Bloomberg’s Most Read

The hacking campaign was first identified by Microsoft Corp. Wednesday and quickly confirmed by authorities in the United States, United Kingdom and other allied countries. Microsoft said the hacking group, which it dubbed Volt Typhoon, breached government, communications, manufacturing and IT organizations in the United States and in Guam, a crucial military post in western United States. ‘Pacific Ocean.

While the identities of most of the hacking victims remain unknown, US Navy Secretary Carlos Del Toro told CNBC on Thursday that the Navy has been affected by the intrusions. The extent of the breach was not immediately known. A US Navy spokesperson declined to “discuss the state of our networks”.

Meanwhile, Rob Joyce, director of cybersecurity at the National Security Agency, told CNN on Thursday that Chinese hackers could still gain access to sensitive US networks they have targeted. Joyce said the intrusions stood out for their brazenness in “scope and scale”.
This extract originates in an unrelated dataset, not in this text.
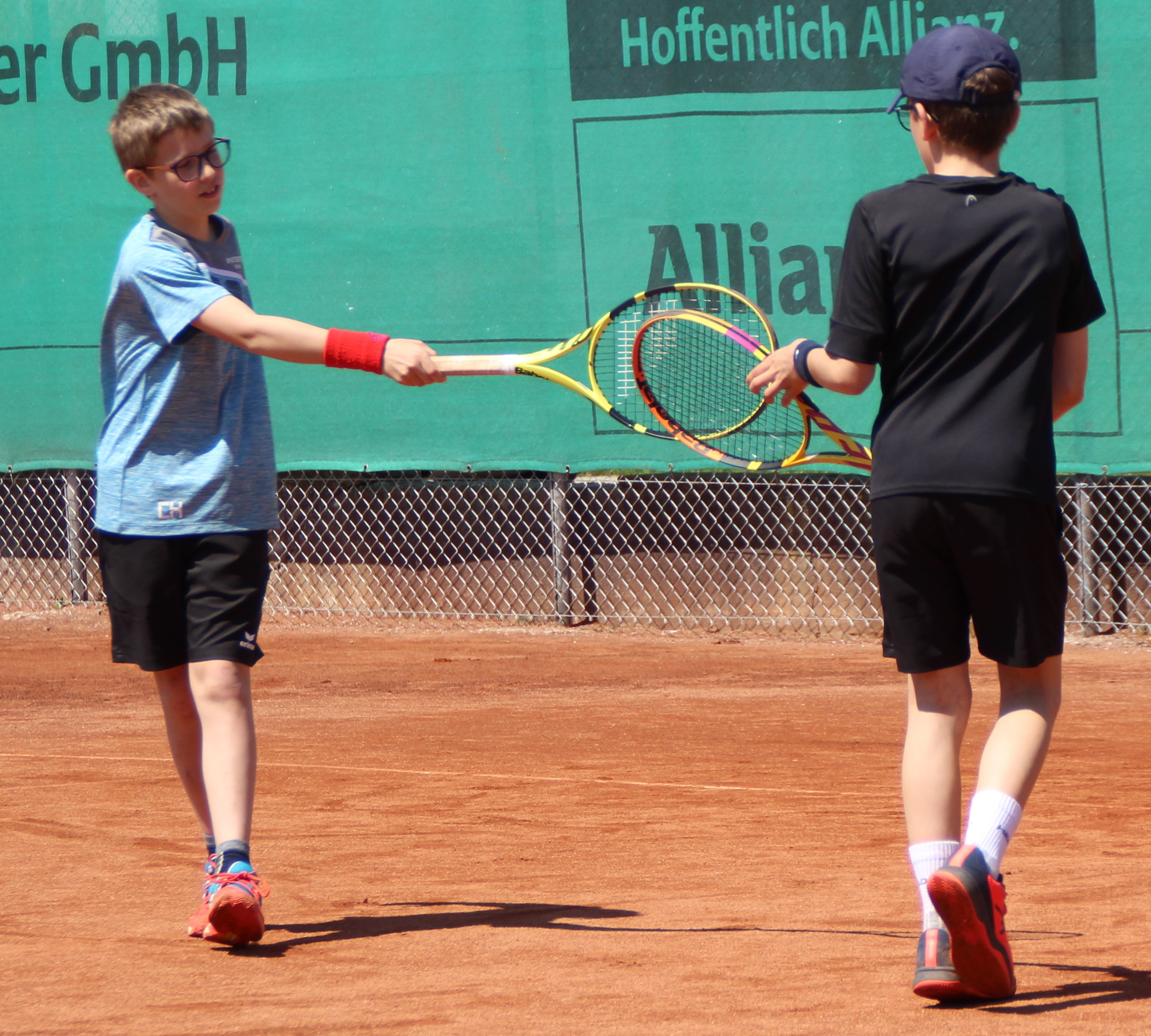 Bei herrlichem Tenniswetter gab es gleich in den ersten 4 Einzelmatches gegen das Europagym hochklassige Matches zu bewundern. Clemens Hainbuchner aus der 1a Klasse verkaufte sich gegen den technisch starken Jonas Kepplinger sehr gut. Mit unglaublichem Kampfgeist und konstanten Grundschlägen ging er im zweiten Satz sogar 5:2 in Führung und war knapp vor einem Satzgewinn, musst dann aber doch seinem Gegner zum Sieg gratulieren.

An NSA representative declined to comment and instead referred to a statement from the NSA and other US agencies about the Chinese hacking group.

Microsoft said it had “moderate confidence” that the breaches were made with a view to disrupting communications in the event of a future crisis. The company’s disclosure came amid growing fears China might take military action to enforce its claim to the self-governing island of Taiwan.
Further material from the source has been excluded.